I started this blog almost ten years ago as a way of considering how to teach abroad. I remain childless, although I enjoy a wonderful partner, a woman of great depth and love. With her I am better. Love should be at the centre of my life, driving my ambitions, making me enjoy the mindful pausing, imbuing my most simple of actions with meaning. The passionate angst of past people was far from mindful.
I have taken a hard reset these few years, considering what I might want to do in my professional and personal life. The relationship between my personal and professional experience really needs renegotiating.
I term my professional life 'expectations', and anything I do in that as an obligation.

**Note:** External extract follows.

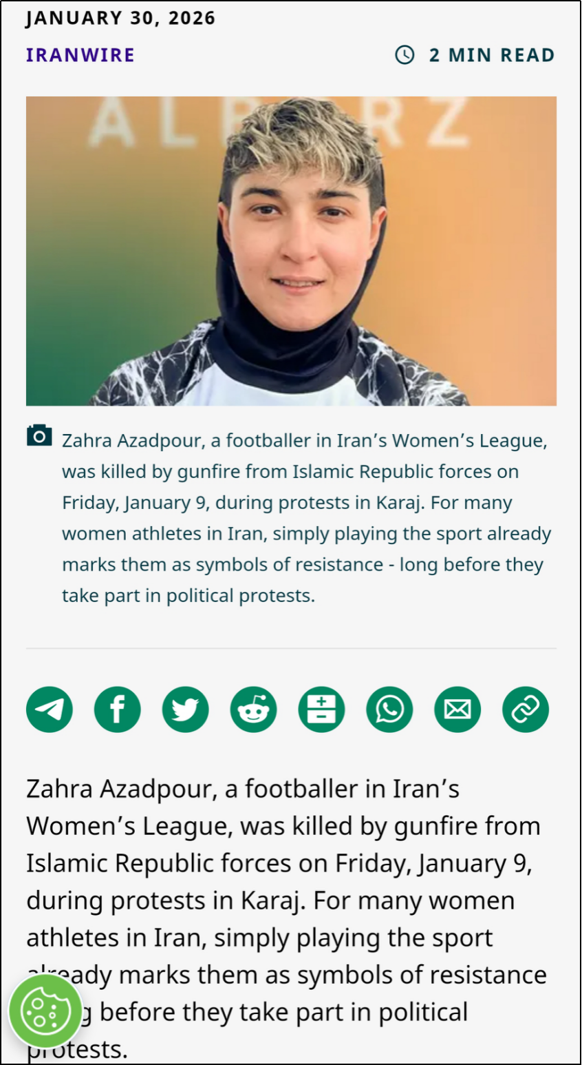另一种说法是为同行的不幸遇难而哀悼。新闻报道说伊朗女子联赛中的一名球员在1月9日参加了当地的抗议活动,但被枪击身亡。

That framing works to reallocate some of my emotional investment away from professional obligations and towards more emotionally nourishing ambitions, or at least less emotionally draining relationships at work.
As part of this renegotiation between work and play, I also want to become more aware of unpalatable truths that exist, even if only for others. The rules of power as they might stand professionally are real for at least some colleagues. My purposefully naive approach to the industry of teaching and education, powered by the vocational beliefs I have forged, serves me only to nurtured limits before a dark forest. It leaves me vulnerable to the flanking exploitation of others, of limited colleagues who see themselves operating by a different moral code.
For days I have planned to consider my UBDs and a Literature book. Today I feel I might be able to begin that, mindfully pausing to do so.